**EXERCISE**
Only the text of the records below belongs in the answer, copied exactly, with pictures omitted.
** RECORDS PROVIDED follows **
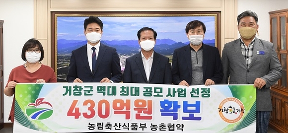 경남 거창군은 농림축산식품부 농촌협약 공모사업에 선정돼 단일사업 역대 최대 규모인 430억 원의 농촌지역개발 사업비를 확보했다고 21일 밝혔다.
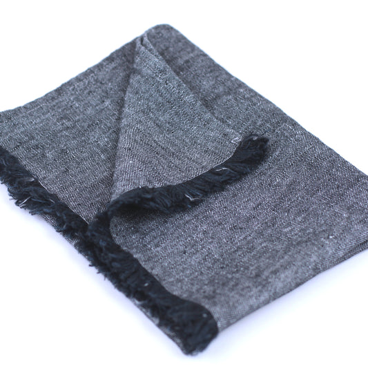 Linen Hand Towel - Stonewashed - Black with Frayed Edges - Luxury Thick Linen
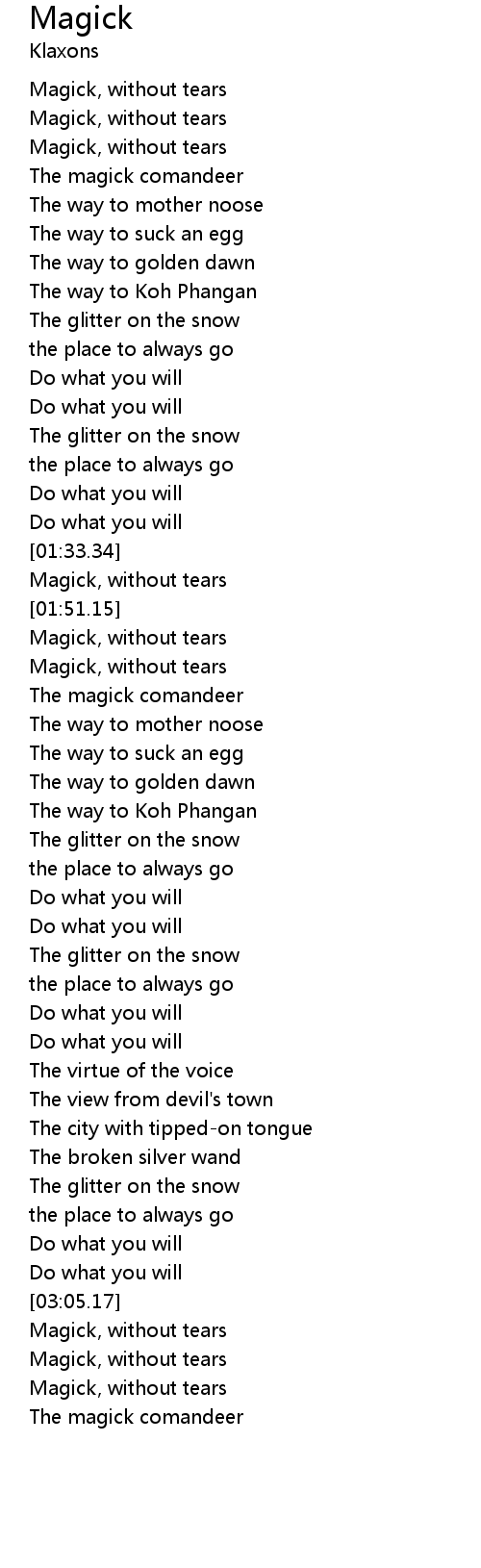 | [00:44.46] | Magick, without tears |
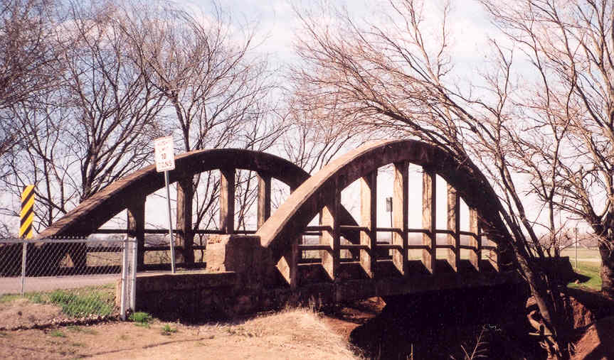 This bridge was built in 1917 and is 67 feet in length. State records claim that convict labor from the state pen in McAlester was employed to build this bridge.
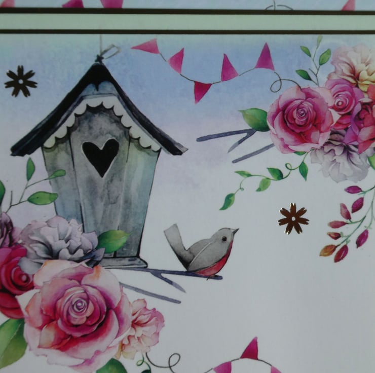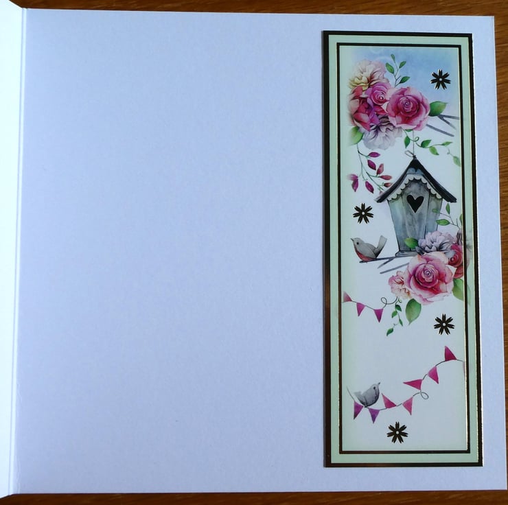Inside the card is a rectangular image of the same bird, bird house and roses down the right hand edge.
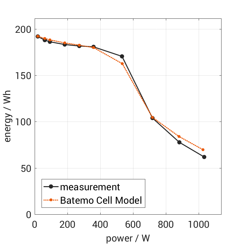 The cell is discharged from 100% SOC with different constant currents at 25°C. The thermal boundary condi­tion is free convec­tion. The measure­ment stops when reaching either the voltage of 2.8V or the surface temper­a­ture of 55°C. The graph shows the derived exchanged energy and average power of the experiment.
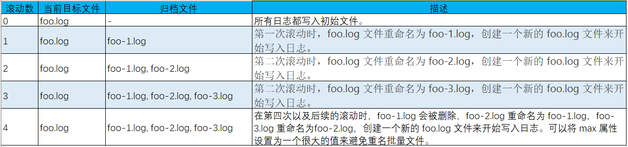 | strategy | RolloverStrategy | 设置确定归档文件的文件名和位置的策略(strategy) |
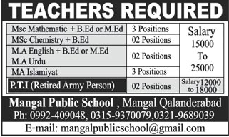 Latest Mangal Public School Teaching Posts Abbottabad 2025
** End of RECORDS PROVIDED **
**OUTPUT FOR THIS TASK**
 경남 거창군은 농림축산식품부 농촌협약 공모사업에 선정돼 단일사업 역대 최대 규모인 430억 원의 농촌지역개발 사업비를 확보했다고 21일 밝혔다.
 Linen Hand Towel - Stonewashed - Black with Frayed Edges - Luxury Thick Linen
 | [00:44.46] | Magick, without tears |
 This bridge was built in 1917 and is 67 feet in length. State records claim that convict labor from the state pen in McAlester was employed to build this bridge.
Inside the card is a rectangular image of the same bird, bird house and roses down the right hand edge.
 The cell is discharged from 100% SOC with different constant currents at 25°C. The thermal boundary condi­tion is free convec­tion. The measure­ment stops when reaching either the voltage of 2.8V or the surface temper­a­ture of 55°C. The graph shows the derived exchanged energy and average power of the experiment.
 | strategy | RolloverStrategy | 设置确定归档文件的文件名和位置的策略(strategy) |
 Latest Mangal Public School Teaching Posts Abbottabad 2025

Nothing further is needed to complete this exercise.